» **The task**:
In the material below, begin at the line that has "Remember, finding an", stop after the line that has "Delicate cherry blossoms", and transcribe those lines exactly, without pictures.

» **Data for processing**:
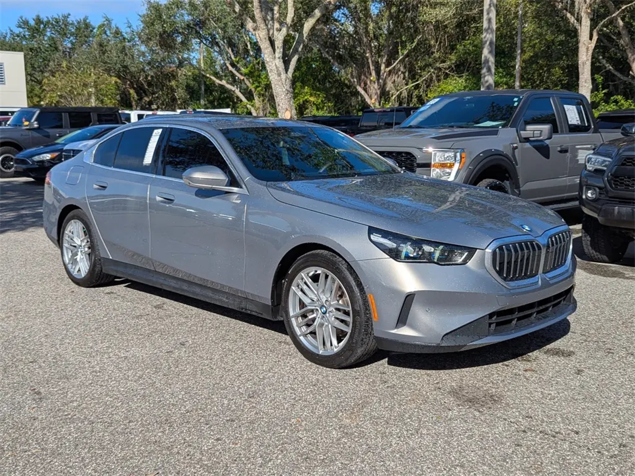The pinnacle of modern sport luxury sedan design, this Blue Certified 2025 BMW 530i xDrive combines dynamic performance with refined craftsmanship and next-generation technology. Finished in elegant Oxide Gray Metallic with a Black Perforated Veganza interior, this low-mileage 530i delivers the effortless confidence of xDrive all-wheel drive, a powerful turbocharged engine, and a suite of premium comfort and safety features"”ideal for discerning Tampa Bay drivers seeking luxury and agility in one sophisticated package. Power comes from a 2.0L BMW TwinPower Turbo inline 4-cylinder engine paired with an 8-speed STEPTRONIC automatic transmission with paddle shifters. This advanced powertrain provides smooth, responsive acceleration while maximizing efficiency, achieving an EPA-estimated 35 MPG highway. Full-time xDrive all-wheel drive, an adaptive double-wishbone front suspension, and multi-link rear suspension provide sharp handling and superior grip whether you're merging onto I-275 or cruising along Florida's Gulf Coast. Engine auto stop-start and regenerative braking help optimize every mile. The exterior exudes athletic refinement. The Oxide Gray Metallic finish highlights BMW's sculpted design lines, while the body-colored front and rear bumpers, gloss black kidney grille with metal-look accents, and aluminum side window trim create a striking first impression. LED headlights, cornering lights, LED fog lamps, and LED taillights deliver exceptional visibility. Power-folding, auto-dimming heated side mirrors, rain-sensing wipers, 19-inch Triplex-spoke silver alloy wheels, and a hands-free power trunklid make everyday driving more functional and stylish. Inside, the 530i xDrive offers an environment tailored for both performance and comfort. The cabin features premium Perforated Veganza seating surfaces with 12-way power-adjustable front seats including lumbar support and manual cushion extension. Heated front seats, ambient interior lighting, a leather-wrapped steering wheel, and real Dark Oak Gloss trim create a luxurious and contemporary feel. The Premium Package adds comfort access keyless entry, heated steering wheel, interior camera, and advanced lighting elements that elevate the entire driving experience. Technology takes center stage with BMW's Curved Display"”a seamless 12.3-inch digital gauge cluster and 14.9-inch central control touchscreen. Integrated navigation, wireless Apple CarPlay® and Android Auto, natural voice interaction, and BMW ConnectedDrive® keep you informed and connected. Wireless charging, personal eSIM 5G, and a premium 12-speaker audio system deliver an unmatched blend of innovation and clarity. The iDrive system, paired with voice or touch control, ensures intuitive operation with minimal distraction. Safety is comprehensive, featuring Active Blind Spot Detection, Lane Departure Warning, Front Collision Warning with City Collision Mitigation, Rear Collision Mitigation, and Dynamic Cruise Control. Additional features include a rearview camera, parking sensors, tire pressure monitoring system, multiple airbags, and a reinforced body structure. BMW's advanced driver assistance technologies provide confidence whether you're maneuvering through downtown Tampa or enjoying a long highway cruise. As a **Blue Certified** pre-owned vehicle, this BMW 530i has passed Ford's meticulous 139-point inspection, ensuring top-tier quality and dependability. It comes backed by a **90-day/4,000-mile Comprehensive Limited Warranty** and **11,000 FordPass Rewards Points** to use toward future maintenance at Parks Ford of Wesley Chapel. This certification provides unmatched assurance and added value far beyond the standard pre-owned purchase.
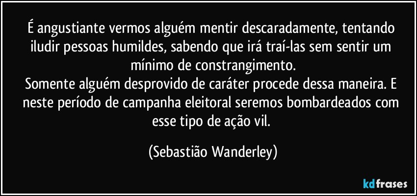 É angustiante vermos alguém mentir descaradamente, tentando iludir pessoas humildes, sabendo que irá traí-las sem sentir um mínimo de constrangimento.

---

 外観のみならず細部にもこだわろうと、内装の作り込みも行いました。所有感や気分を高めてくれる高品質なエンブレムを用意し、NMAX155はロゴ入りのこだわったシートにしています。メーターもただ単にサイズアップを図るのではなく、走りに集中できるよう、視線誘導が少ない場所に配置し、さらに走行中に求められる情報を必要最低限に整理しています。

...

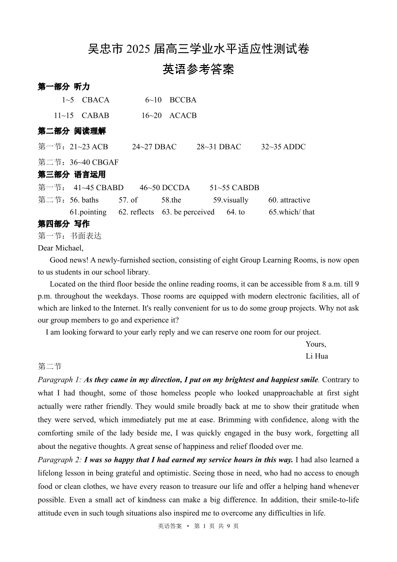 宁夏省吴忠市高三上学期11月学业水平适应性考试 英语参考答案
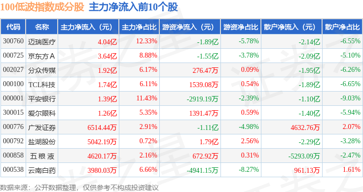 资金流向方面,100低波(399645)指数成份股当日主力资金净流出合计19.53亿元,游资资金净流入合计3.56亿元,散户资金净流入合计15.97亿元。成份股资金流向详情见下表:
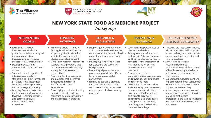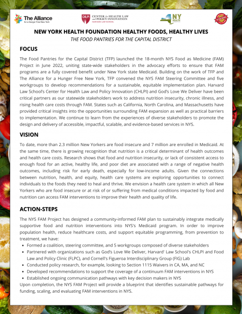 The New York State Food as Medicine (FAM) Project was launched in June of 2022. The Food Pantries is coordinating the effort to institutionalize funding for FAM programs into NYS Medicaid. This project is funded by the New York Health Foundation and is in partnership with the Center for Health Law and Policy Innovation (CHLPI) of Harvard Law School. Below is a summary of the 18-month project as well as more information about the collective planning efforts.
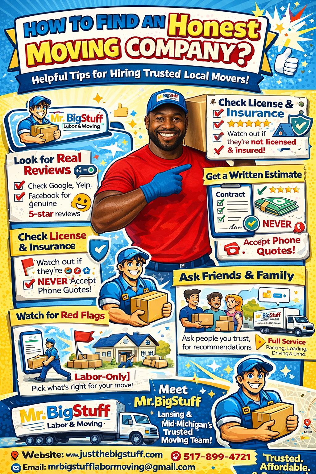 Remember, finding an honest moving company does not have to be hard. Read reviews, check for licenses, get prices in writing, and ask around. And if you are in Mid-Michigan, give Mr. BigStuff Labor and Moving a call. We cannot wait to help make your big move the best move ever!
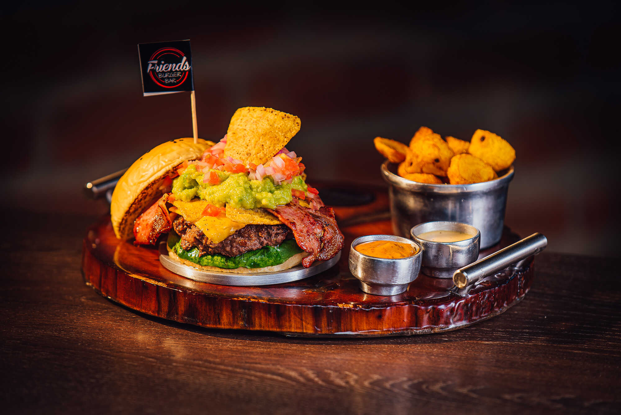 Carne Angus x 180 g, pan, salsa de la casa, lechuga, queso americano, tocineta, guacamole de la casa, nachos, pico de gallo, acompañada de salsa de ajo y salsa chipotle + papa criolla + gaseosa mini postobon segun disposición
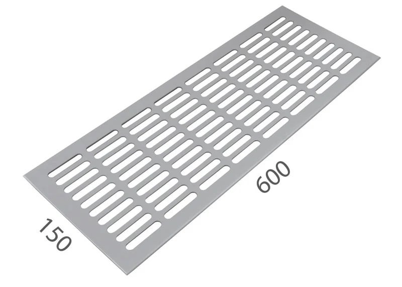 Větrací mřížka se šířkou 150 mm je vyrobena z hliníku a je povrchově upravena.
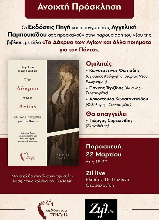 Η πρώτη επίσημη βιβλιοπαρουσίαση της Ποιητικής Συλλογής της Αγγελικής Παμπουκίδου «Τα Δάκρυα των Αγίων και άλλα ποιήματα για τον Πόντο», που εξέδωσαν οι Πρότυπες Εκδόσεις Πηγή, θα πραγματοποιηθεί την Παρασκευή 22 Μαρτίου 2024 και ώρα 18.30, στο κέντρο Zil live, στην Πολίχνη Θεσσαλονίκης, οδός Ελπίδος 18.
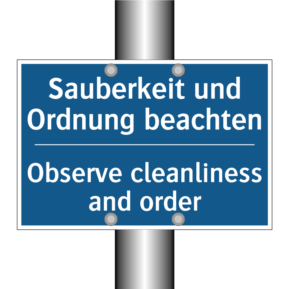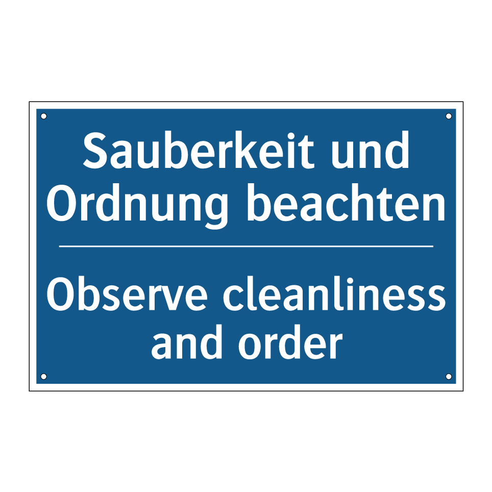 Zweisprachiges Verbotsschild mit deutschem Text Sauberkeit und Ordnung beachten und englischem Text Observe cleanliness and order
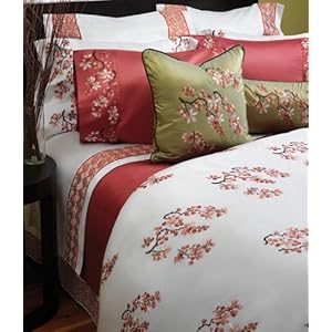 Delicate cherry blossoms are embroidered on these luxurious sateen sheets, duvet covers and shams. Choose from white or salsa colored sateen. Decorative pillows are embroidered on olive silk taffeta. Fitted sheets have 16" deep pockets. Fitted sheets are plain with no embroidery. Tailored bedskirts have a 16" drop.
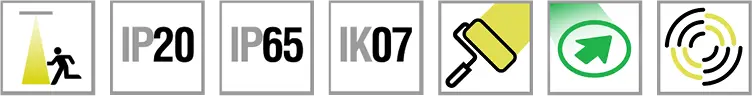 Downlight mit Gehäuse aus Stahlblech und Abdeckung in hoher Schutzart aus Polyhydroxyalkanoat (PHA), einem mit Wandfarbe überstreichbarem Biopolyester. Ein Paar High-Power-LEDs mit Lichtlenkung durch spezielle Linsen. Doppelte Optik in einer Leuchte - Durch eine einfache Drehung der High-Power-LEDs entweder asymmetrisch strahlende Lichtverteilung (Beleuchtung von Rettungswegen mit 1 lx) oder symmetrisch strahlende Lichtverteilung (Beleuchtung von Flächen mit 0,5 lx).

» **Response box**:
 Remember, finding an honest moving company does not have to be hard. Read reviews, check for licenses, get prices in writing, and ask around. And if you are in Mid-Michigan, give Mr. BigStuff Labor and Moving a call. We cannot wait to help make your big move the best move ever!
 Carne Angus x 180 g, pan, salsa de la casa, lechuga, queso americano, tocineta, guacamole de la casa, nachos, pico de gallo, acompañada de salsa de ajo y salsa chipotle + papa criolla + gaseosa mini postobon segun disposición
 Větrací mřížka se šířkou 150 mm je vyrobena z hliníku a je povrchově upravena.
 Η πρώτη επίσημη βιβλιοπαρουσίαση της Ποιητικής Συλλογής της Αγγελικής Παμπουκίδου «Τα Δάκρυα των Αγίων και άλλα ποιήματα για τον Πόντο», που εξέδωσαν οι Πρότυπες Εκδόσεις Πηγή, θα πραγματοποιηθεί την Παρασκευή 22 Μαρτίου 2024 και ώρα 18.30, στο κέντρο Zil live, στην Πολίχνη Θεσσαλονίκης, οδός Ελπίδος 18.
 Zweisprachiges Verbotsschild mit deutschem Text Sauberkeit und Ordnung beachten und englischem Text Observe cleanliness and order
 Delicate cherry blossoms are embroidered on these luxurious sateen sheets, duvet covers and shams. Choose from white or salsa colored sateen. Decorative pillows are embroidered on olive silk taffeta. Fitted sheets have 16" deep pockets. Fitted sheets are plain with no embroidery. Tailored bedskirts have a 16" drop.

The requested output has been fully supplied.